(Stored data)
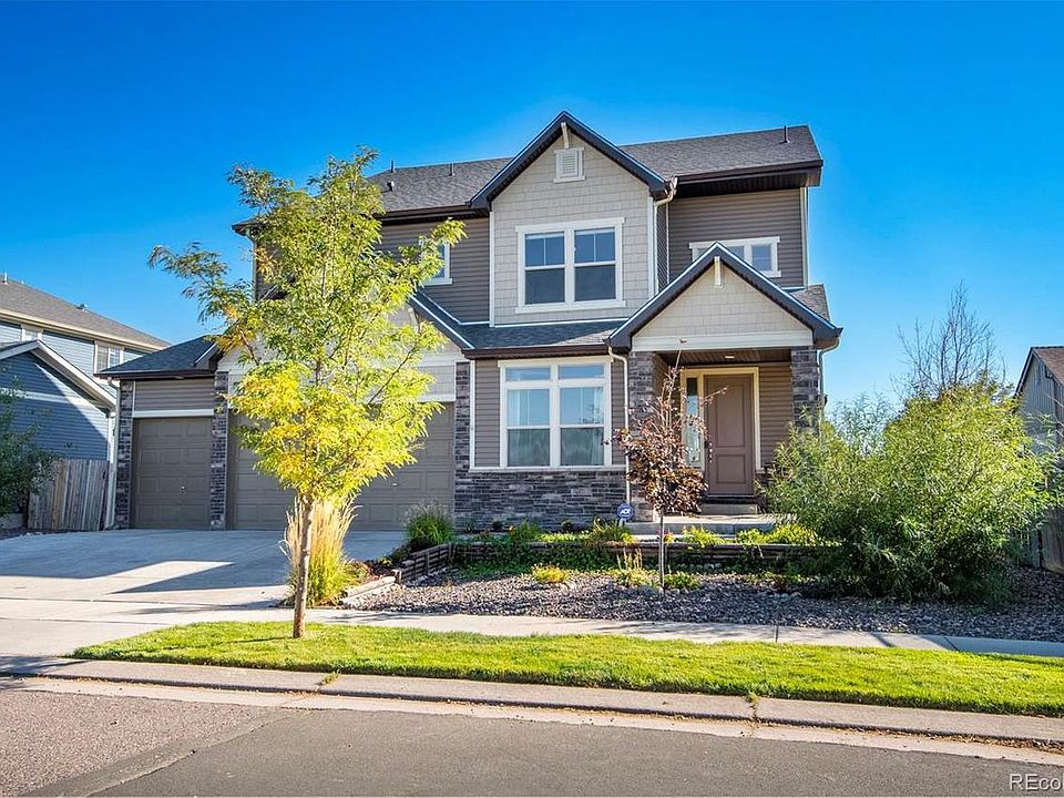 Have you been looking for a home where your family can really spread out? On four levels? This home has so much to offer! Four bedrooms PLUS an office. You will love the open floor plan the minute you walk through the 8 ft front door! The kitchen is bright and sunny with large windows, tons of cabinet space, and a huge walk-in pantry. The large kitchen island has additional storage space and is a great place to entertain. Newer stainless steel appliances including a large gas stove, make this kitchen a chef's dream! All four bedrooms are on the second level. The second level also features an office that could easily be turned into a 5th bedroom. The master bedroom has a new barn door for additional charm and privacy. Master also features a large walk-in closet with shelving and a 5 piece master bath! The 3rd level offers a great space to use as a rec room, theatre room, or even a home school area! The basement is ready for your design with rough-in plumbing, extra crawl space, and 9 ft ceilings! If the interior isn't enough, wait until you see the size of the backyard! Almost 1/4 acre! Owners have lovingly built garden boxes and added a few ornamental trees along with a new storage shed for the gardener in you! Great location right across the street from a great park and Turnberry elementary. 15 minutes to DIA and only 30 minutes to downtown Denver. Easy access to E-470 and Hwy 76!
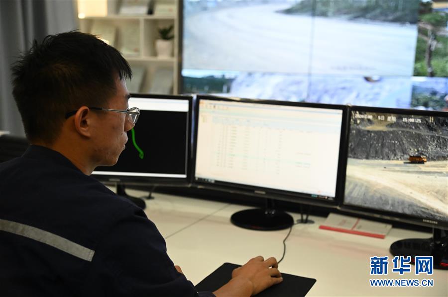 在焦煤集团千业水泥公司的智能调度中心,技术人员通过计算机遥控操作无人驾驶电动运输车(8月25日摄)。新华社记者 张浩然 摄
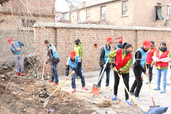 社团实践部学生协同西夏区志愿者在北京西路开展街道环境治理活动。
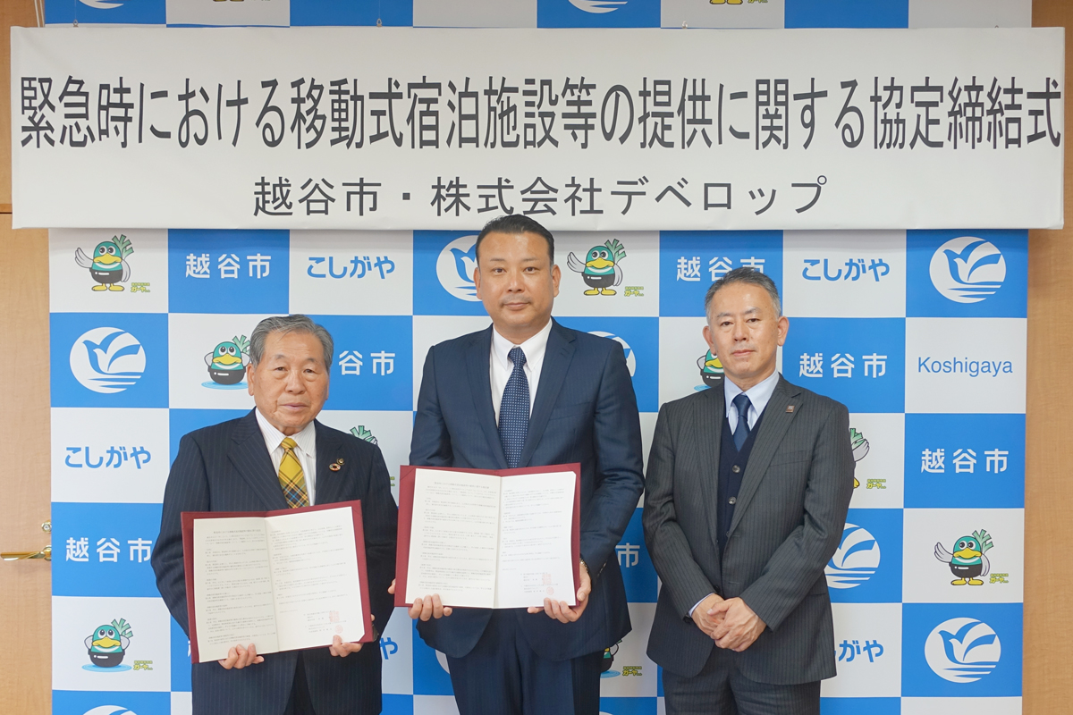 デベロップは、災害発生時における「レスキューホテル」の出動に関し、2020年11月20日に埼玉県越谷市と協定を締結しました。
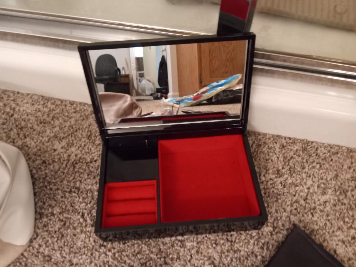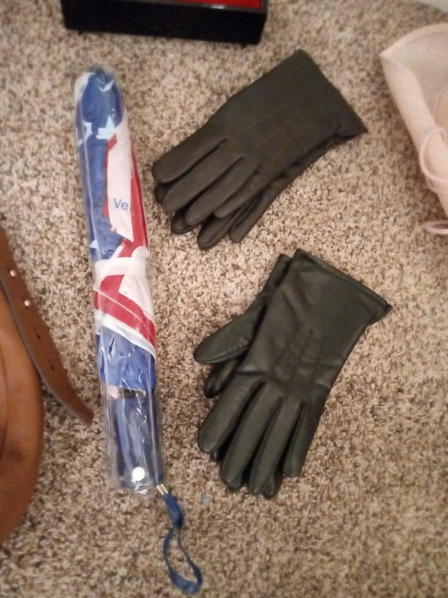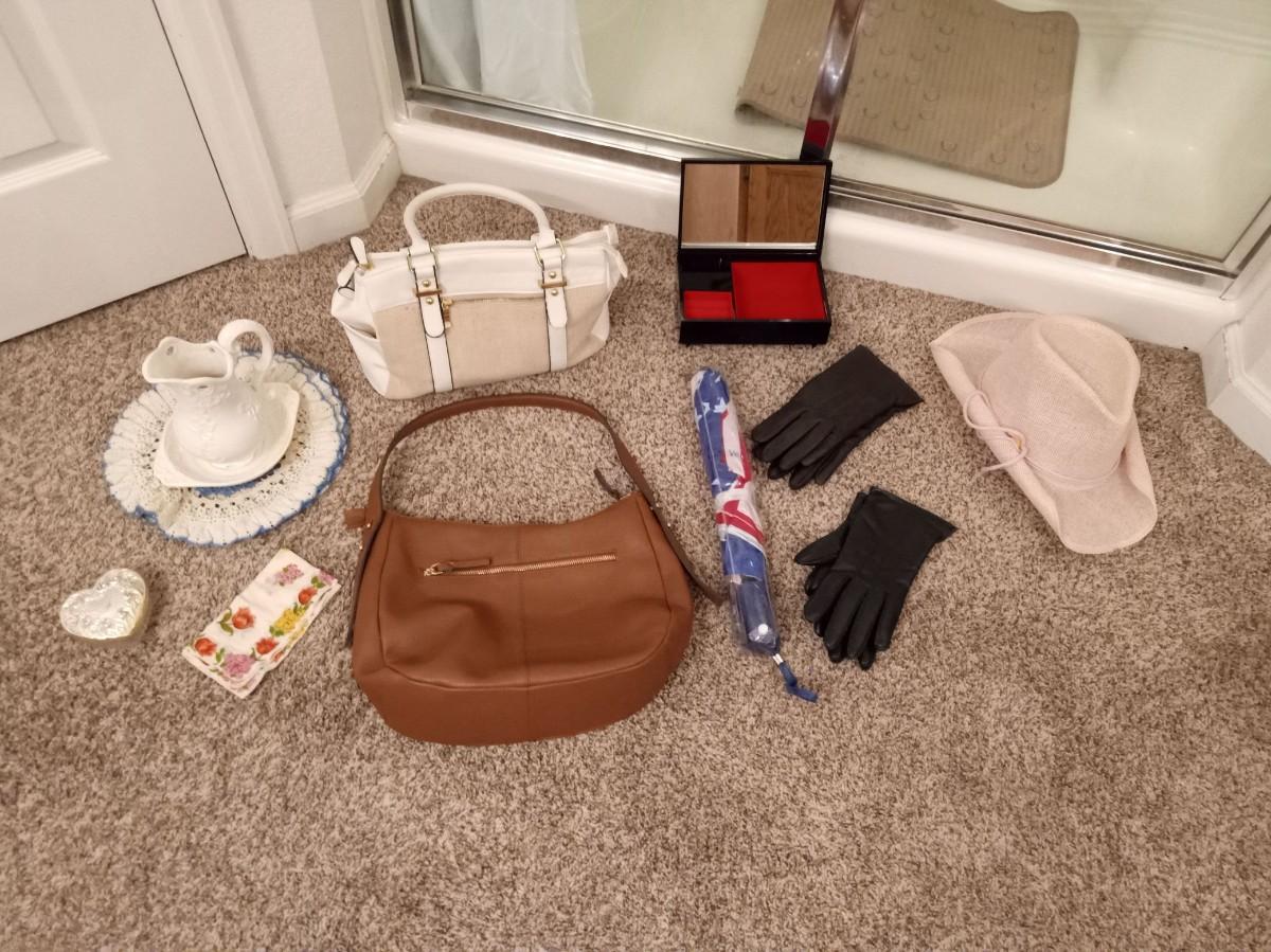LOT 196 PURSES, GLOVES, MUSICAL JEWELRY BOX, UMBRELLA AND MORE (Master bdr)

Task directions: In the copy, include exactly the lines from the one with "デベロップは、災害発生時にお" through the final line of the data, both ends included, and no pictures.

Solution to this problem:
 デベロップは、災害発生時における「レスキューホテル」の出動に関し、2020年11月20日に埼玉県越谷市と協定を締結しました。
LOT 196 PURSES, GLOVES, MUSICAL JEWELRY BOX, UMBRELLA AND MORE (Master bdr)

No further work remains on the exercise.